Mais un autre facteur s’oppose à la réduction des inégalités territoriales ou sociales : la logique libérale de l’Union européenne, du traité de Maastricht et du pacte de stabilité contraint à restreindre les dépenses sociales. La santé devient une marchandise comme les autres et le libéralisme économique s’accommode fort bien d’un accès inégalitaire. C’est même une condition de son succès. Le fer de lance de cette marchandisation de la santé est évidemment le plan Hôpital 2007 qui instaure l’hôpital-entreprise, avec pour seul objectif la rentabilité. Trop souvent, la comparaison des coûts et l’alibi des normes sécuritaires servent de justificatifs, quel que soit l’avis des populations. À cet égard, le rapport Vallencien sur les petits hôpitaux publics est un modèle du genre. Il préconise la fermeture de 113 blocs opératoires, alors que seulement 4 d’entre eux auraient été visités et sans que soient relevés, ailleurs, de mauvais fonctionnement. En outre, le rapporteur s’est bien gardé de porter le moindre regard sur les cliniques commerciales, par principe au- dessus de tout soupçon.
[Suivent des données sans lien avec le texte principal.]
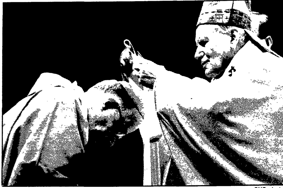
Pope John Paul II places a white pallium on Portland Archbishop Francis E. George in June 1996. Archbishop George was named the archbishop of Chicago April 8. He succeeds Cardinal Joseph Bernardin who died last November.

chosen an individual who will — through his spiritual leadership and his personal example — guide our local church well as we face the challenges and opportunities of a new millennium of Christianity," he said in a statement.
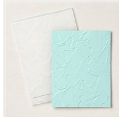
Painted Texture 3D Embossing Folder - 154317
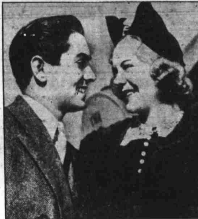
An icy "ridiculous" was the retort of Sonja Henie when asked if her interruption of a tour for a flying visit to Hollywood was made to "check up" on another reported romance of Tyrone Power, young film actor. Here's Power showing his devotion to the skating champion and actress on her arrival.
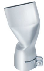
Flat Angled Nozzle 40x2 mm PN: 110049712
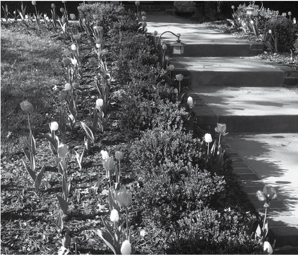
Blooming Tulips – 801 W Meyer Blvd

HOMES ASSOCIATION NEWS • KANSAS CITY, MO 64113 • 2Q 2015
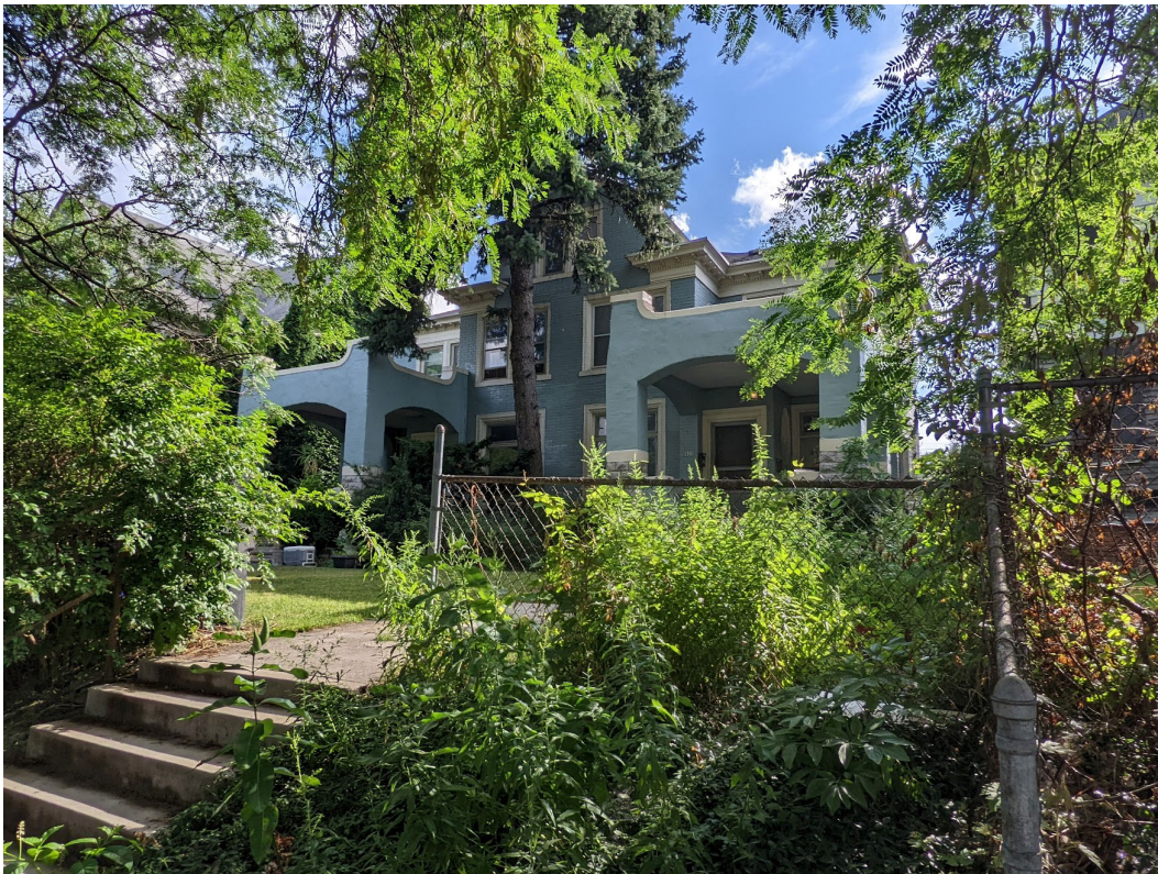
Historic context near West Grand Boulevard and Porter. Staff photo, July 27, 2022
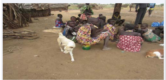
Figure 2 Close association between humans and dogs at household.
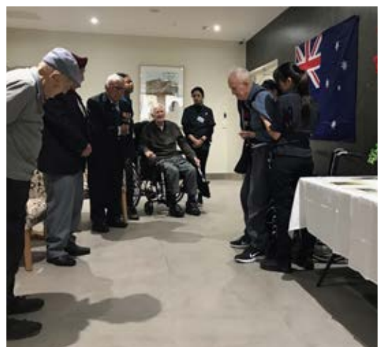
Residents of Blue Cross conduct an ANZAC Service
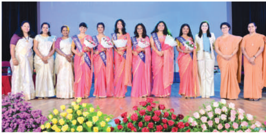
College Student Union
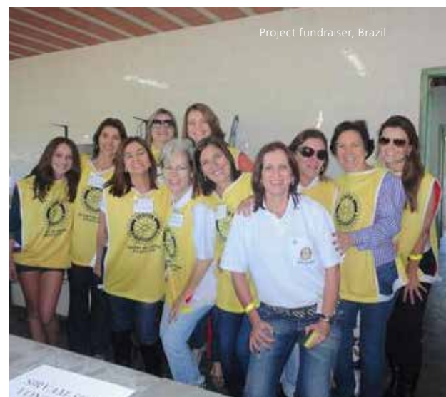
Project fundraiser, Brazil

In Brazil, the families of Rotary members are actively involved in Rotary. Many clubs have Associations of the Rotary Family, also called Houses of Friendship by Brazilians, formed by spouses who support club service projects and activities.
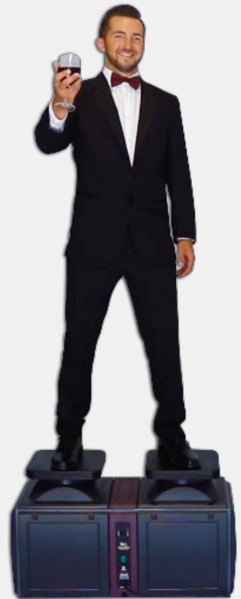
Do not attempt. Trained personnel in a controlled environment. *Patent Pending

*Not all options are available for all units. Contact a distributor for more information.
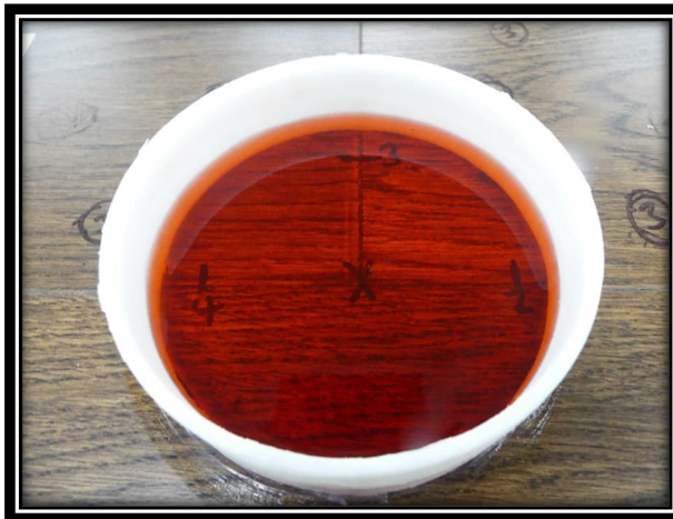
After 24 hrs With Water
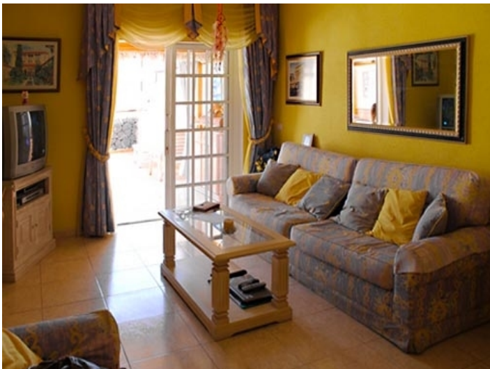
Exclusive designed living room
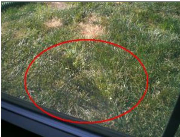
4.6 Picture 1

(1) There are several windows with damaged screens - noticed in dining room and basement office. The window in the dining room also has a damaged seal. The window is still operational but will not insulate as well as intended with a damaged seal.
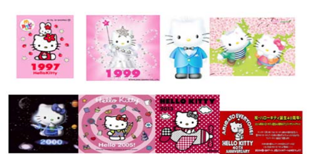
Fig. 3 Kitty's Change from 1997 to 2014

Currently, the 50,000 Kitty's products outnumber Disney's products on the market, and are sold in 60 countries. Sanrio depends on 80 percent of its profits on Kitty's production in-house. In 2012, Sanrio sells Kitty's license to 3,000 stores in the US Walmart [4]. Moreover, they enthusiastically work for license business in the European market, and now they are serious about going into the Chinese market to establish Asian companies. These products include not only daily use products such as food, clothes, cosmetics, furniture, but also stock certificate and financial products such as gold coins, and transportation vehicles such as taxies, buses, and train. In Japan, Kitty's labels can be found in food, cosmetics, furniture, buses, cars, PCs, jewelry, stationary items, just to name a few. You can say we are saturated with Kitty's products nationwide.
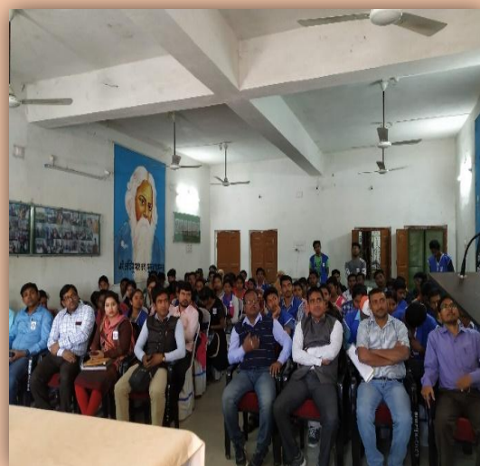
The audience listening to the session

Remembering the Martyrs of Pulwama attack: After the felicitation ceremony one minutes of silence is observed in the memory of the martyrs of Pulwama attack on 14 th February, 2019 at the Jammu Srinagar National Highway.
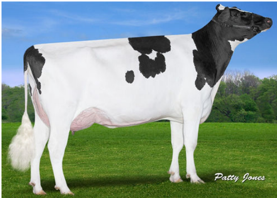
CLAYNOOK FABBY SILVER GRANDDAM
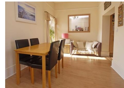
Epc to follow

Whilst every attempt has been made to ensure the accuracy of the floorplan contained here, measurements of doors, windows, rooms and any other items are approximate and no responsibility is taken for any error, omission or mis-statement. This plan is for illustrative purposes only and should be used as such by any prospective purchaser. The services, systems and appliances shown have not been tested and no guarantee as to their operability or efficiency can be given. Made with Metropix ©2020
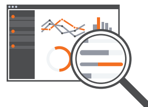
Big Data Analytics
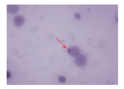
Fig. (1): Photomicrograph showing micronucleus (at 400X magnification) induced at higher percentage by the treatment of mice by 2-butoxyethanol at two different doses. Quercetin (antioxidant) was found to reduce this percentage and its effect was better at 14 days than that of 7 days.
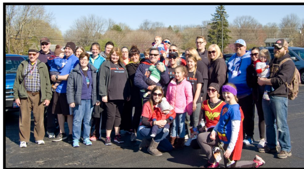
Members of the Jacob Alan Barker Foundation after completing the Superhero 5K .

Dayton Foundation Iddings Foundation Jacob Alan Barker Foundation Levin Foundation Reynolds and Reynolds Associate Foundation
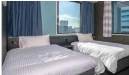
【LG Styler Room/Twin】

Guest Room (Wi-Fi in all guest rooms and all guest rooms are nonsmoking) Total of 145 guest rooms
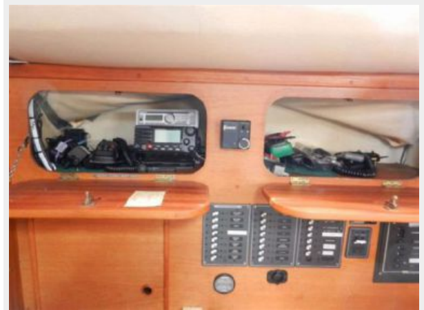
VHF w/AIS and electric panel
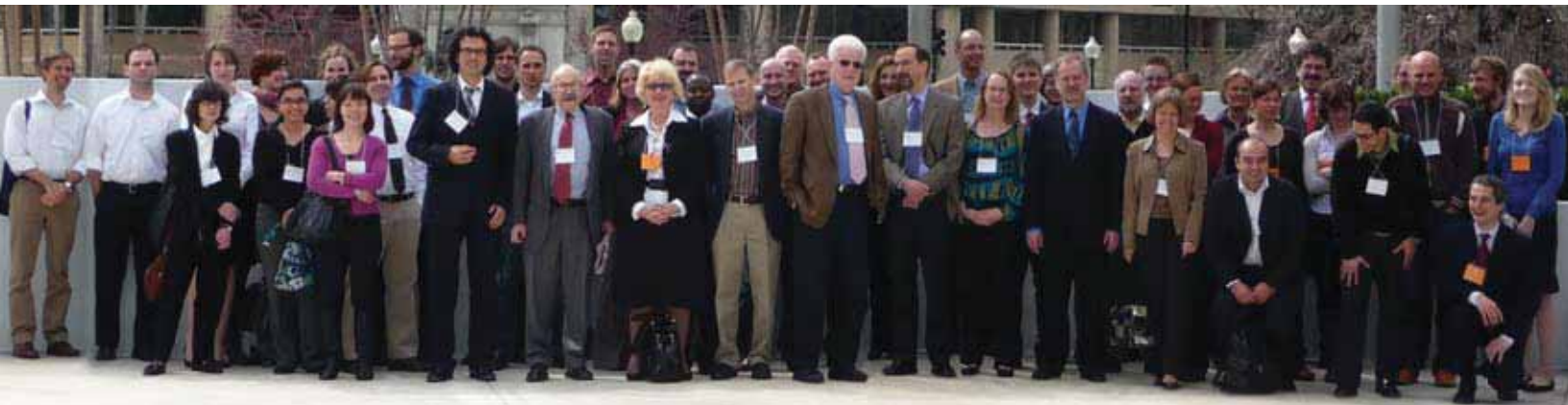
Conference attendees enjoy the spring sunshine during a conference break
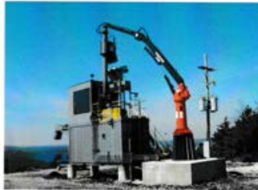
Modular Truck Auger
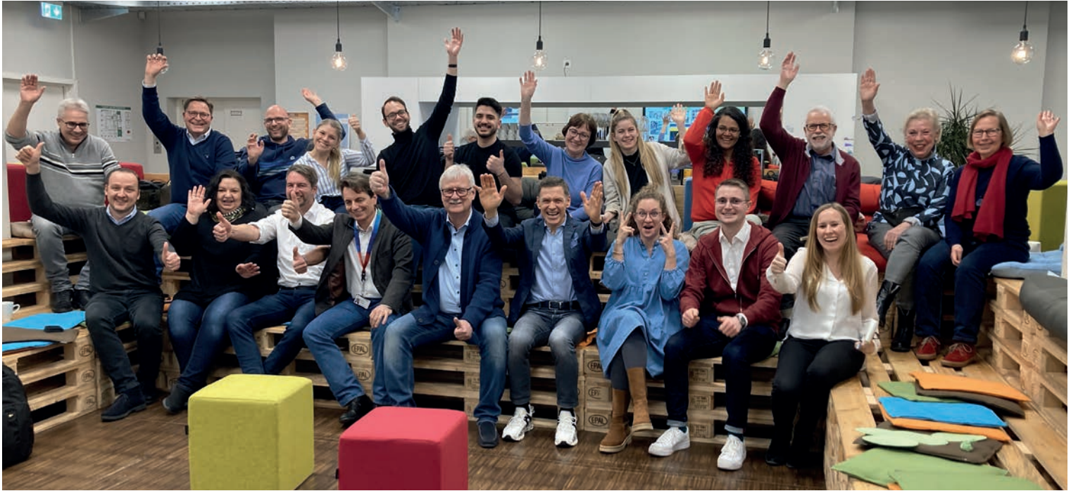
Creative ideas in a creative environment

The annual strategy workshop offers the opportunity to look at current status of Primavera e.V. and to discuss the future direction. In February 2023, about 20 highly motivated participants met at the Connectory in Stuttgart to derive measures for achieving the goals. In order to be able to continue to actively help children and young people in developing and emerging countries, the main objective is and remains a significant increase in the level of donations. This can only be achieved if we continue to raise awareness of Primavera both inside and outside Bosch, use ambassadors for local activities and focus even more on the opportunities arising by using social media and digitalization. We need integrated communications across all channels; Primavera's presence in our media needs to be more professional, consistent, and trust-building. To improve our internal and external communication about activities, progress in the many projects and other association activities, we have set up a team and developed an appropriate strategy. Five work packages that we had already defined in 2022 have now been confirmed and impetus given to the working groups for further work via feedback and new ideas.
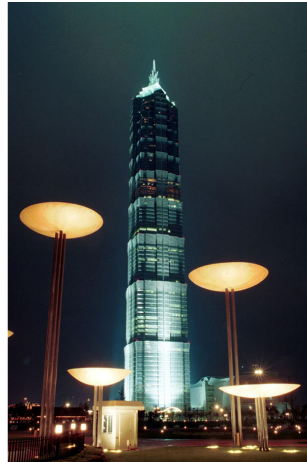
Shanghai Jinmao Tower 420 m
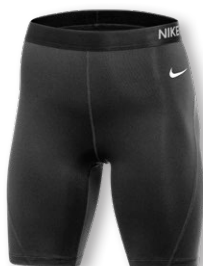
NIKE PRO 8IN SHORT DX9131 Page 40
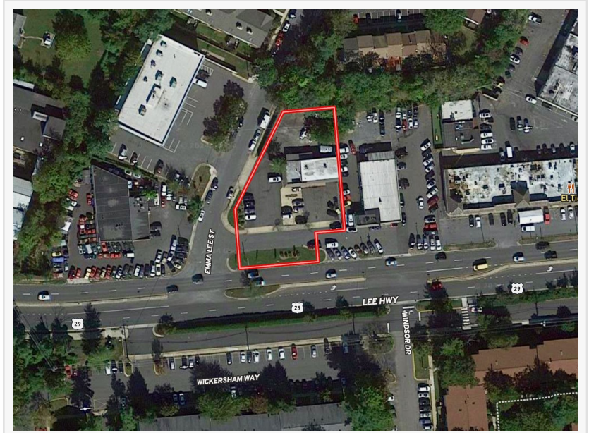
7714 Lee Highway, Falls Church, VA 22042
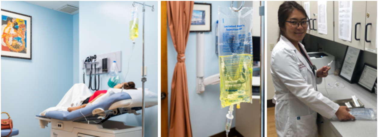
Planning to run a marathon or just finished one?

We also give IVs that revitalize your skin and leave it with a pleasing glow. Ideal treatment for dehydration, jet lag (lethargy), headache & migraine, constipation, illness wellness (cold & flu), hangover & detox, beauty & healthier skin, vitamin, amino acids, magnesium & iron treatment, improving bone mineral density, boost your immune system, digestive health, improved brain function, treat severe asthma, improved sexual function, sports performance (increased energy, muscle recovery and hydration) and proactively maintain overall optimal wellness.
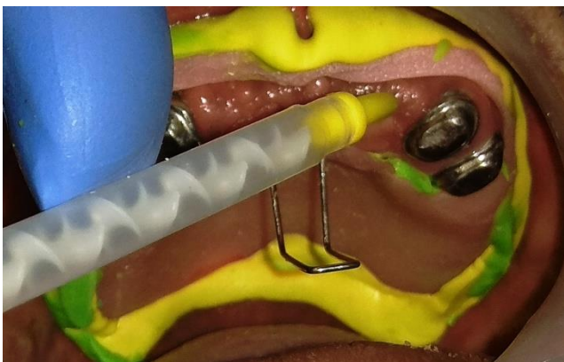
Fig 3: Injecting the light body impression material
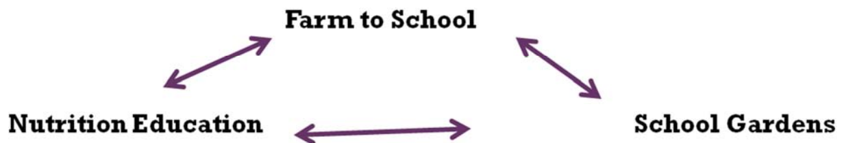
Figure 1. Concept of integration in nutrition education and school garden.

Got veggies? Garden-Based Nutrition Education Curriculum [50]. Got veggies? Program is a garden based educational nutritional curriculum developed with the aim of enhancing consumption of nutritious food and vegetables among children. This curriculum was developed specially for pupils in Grade 2 and Grade 3 and had lesson plans aligned with the Wisconsin Model Academic Standard. The learning activities for this curriculum are appropriate for elementary school pupils. The garden based education curriculum encompasses garden based activities, preparing recipes and cooking for eating in the garden itself. This curriculum provides an ideal strategy for educating and encouraging interest in consuming fresh fruits and vegetables. It is a comprehensive program for integrating nutritious food and also gardening skills in school.
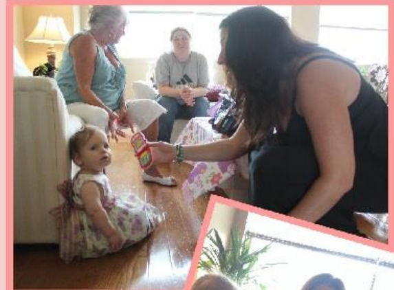
"Ring, ring. Hello."
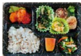
Nourishing boxed lunch with protein-rich meat and seasonal vegetables.

Riku Café of Rikuzentakata City, Iwate Prefecture is also an NPO working to regenerate communities that were broken up and lost by the disaster. As part of the activities supporting healthy lives, this group has been putting much effort to fostering the "power to live" to young generations bearing the future. The NPO hosted a recipe competition at Takata High School in February 2024 and held three sessions selling boxed lunches with the prize-winning recipes. These lunches were well-received as being filling but healthy. One of the students who created the recipe hopes to have a job related to food.
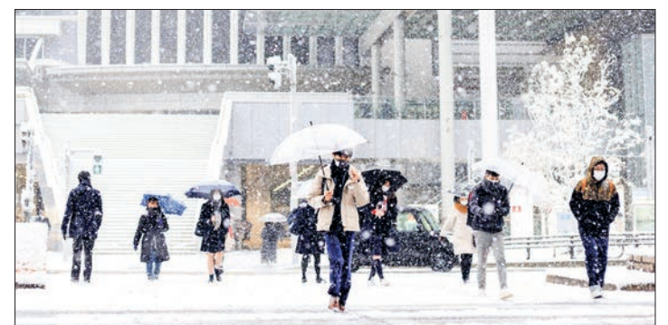
Japanese winters generally last from December to February. In Tokyo, December temperatures tend to be around 12°C (54°F) in the afternoon and drop to about 5°C (41°F) in the morning and at night.

AN electricity-saving period began in Japan on Thursday, with the government asking people to bundle up indoors and set the heating temperature low, among other steps, for the winter season through March due to power crunch concerns.
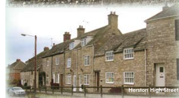
Herston High Street
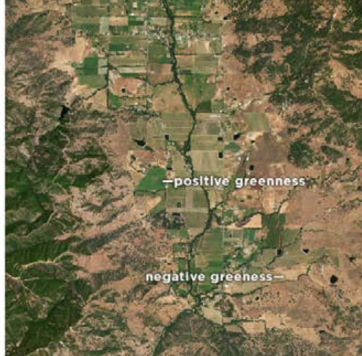
June 6, 2020
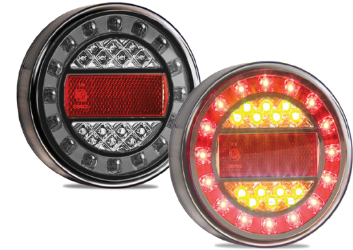
Stop/Tail/Indicator/Reflector MaxilampC1XRE - Single Blister
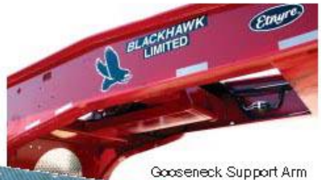
Gooseneck Support Arm
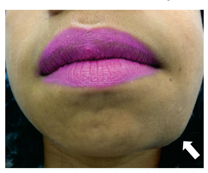
Figure 1 : Frontal view of the patient showing well-delimited swelling in left side of the jaw (arrow).

A 11-year-old black female patient was brought to the stomatology service of the Federal University of Rio de Janeiro, with complaints of toothache and facial asymmetry. The patient presented a large cavity in her permanent lower first molar, and extra-oral examination revealed increased volume on the left side of the mandible with firm consistency and slight skin color alteration (Figure 1); however, no cervical lymph node was detected. On intraoral examination, the patient showed an extensive cavity on the left mandibular first molar, extensive destruction of the dental crown that reached root furcation, and slight bulging of the vestibular
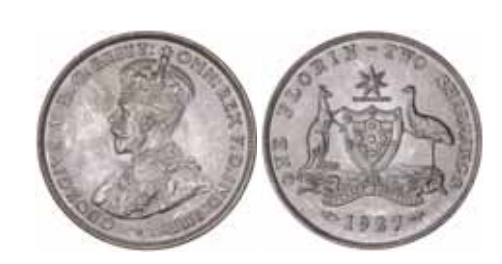
1524* George V , 1927. Full original satin or pearl-like mint bloom, uncirculated. $1,000
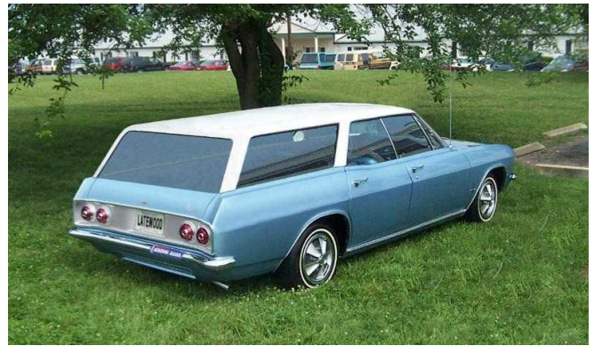
Recently found! Long lost Corvair prototypes. The late model wagon. Lakewood and Nomad style.
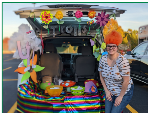
Scenic Regional Library participated in a Trunk-or-Treat in the Washington area with the library van. Happy Halloween!

This special Charlie Brown-themed storytime will be for all ages as we celebrate Thanksgiving.
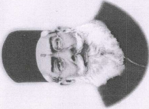
Dr. Balkrishna Shivram Moonje Founder

Bhonsala Institute of Nursing Rambhoomi, Dr. Moonje Marg, Nashik - 422 005.
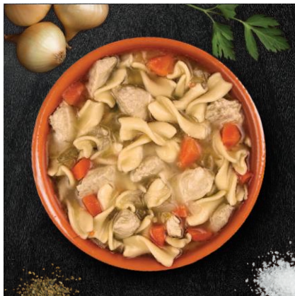
CHICKEN NOODLE SOUP 16226 4 LB | 4 PER CASE
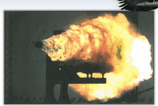
Electromagnetic Rail Gun
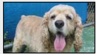
>>Rosie (380961) is an older cocker spaniel who wound up at the shelter when her owner died. She is a happy, loving girl whose maturity will make her a pet that will fit easily into a new home.

Vous avez, monsieur le Ministre, temporisé en ne donnant pas suite pour le moment à ce rapport mais on doit s’attendre à ce qu’après les maternités, les blocs opératoires et les services d’urgence disparaissent d’une grande partie du territoire.

La politique du gouvernement ne s’inscrit plus dans la logique d’une couverture sanitaire optimale conforme aux intérêts de la population, mais dans celle d’une recherche de rentabilité avec pour corollaire, l’accentuation des inégalités d’accès aux soins. C’est pourquoi je vous demande d’adopter cette mention tendant à opposer la question préalable.